*** Opening of Supplied information ***

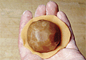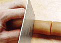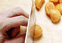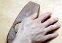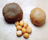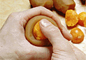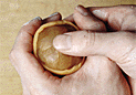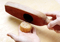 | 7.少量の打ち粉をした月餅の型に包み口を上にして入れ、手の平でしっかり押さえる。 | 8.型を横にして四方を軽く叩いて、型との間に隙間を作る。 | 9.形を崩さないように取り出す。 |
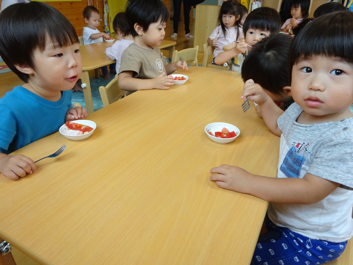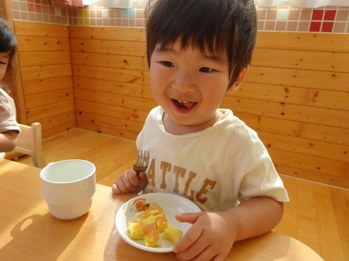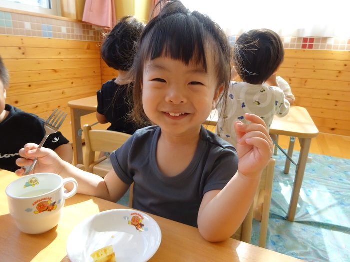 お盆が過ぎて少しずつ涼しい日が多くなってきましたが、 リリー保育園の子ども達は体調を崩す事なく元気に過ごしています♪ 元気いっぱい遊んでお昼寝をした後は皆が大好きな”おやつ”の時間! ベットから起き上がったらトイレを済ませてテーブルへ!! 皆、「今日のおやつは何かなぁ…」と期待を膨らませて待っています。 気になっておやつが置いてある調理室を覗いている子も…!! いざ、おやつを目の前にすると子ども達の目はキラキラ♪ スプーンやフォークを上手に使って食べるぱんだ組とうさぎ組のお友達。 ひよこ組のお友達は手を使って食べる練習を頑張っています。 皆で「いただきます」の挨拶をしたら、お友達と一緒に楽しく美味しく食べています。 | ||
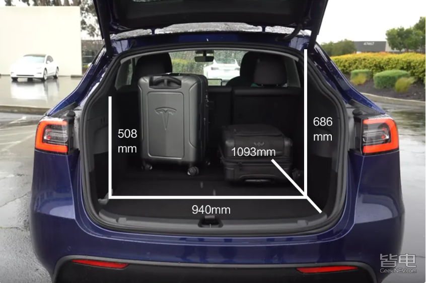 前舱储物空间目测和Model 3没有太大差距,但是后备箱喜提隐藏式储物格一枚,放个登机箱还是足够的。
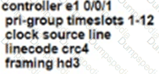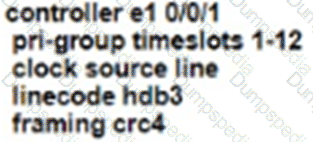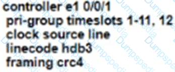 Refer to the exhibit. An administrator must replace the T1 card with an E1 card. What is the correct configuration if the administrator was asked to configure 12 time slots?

*** Close of Supplied information ***

Recopy the full listing exactly, passing over any picture.

 | 7.少量の打ち粉をした月餅の型に包み口を上にして入れ、手の平でしっかり押さえる。 | 8.型を横にして四方を軽く叩いて、型との間に隙間を作る。 | 9.形を崩さないように取り出す。 |
 お盆が過ぎて少しずつ涼しい日が多くなってきましたが、 リリー保育園の子ども達は体調を崩す事なく元気に過ごしています♪ 元気いっぱい遊んでお昼寝をした後は皆が大好きな”おやつ”の時間! ベットから起き上がったらトイレを済ませてテーブルへ!! 皆、「今日のおやつは何かなぁ…」と期待を膨らませて待っています。 気になっておやつが置いてある調理室を覗いている子も…!! いざ、おやつを目の前にすると子ども達の目はキラキラ♪ スプーンやフォークを上手に使って食べるぱんだ組とうさぎ組のお友達。 ひよこ組のお友達は手を使って食べる練習を頑張っています。 皆で「いただきます」の挨拶をしたら、お友達と一緒に楽しく美味しく食べています。 | ||
 前舱储物空间目测和Model 3没有太大差距,但是后备箱喜提隐藏式储物格一枚,放个登机箱还是足够的。
 Refer to the exhibit. An administrator must replace the T1 card with an E1 card. What is the correct configuration if the administrator was asked to configure 12 time slots?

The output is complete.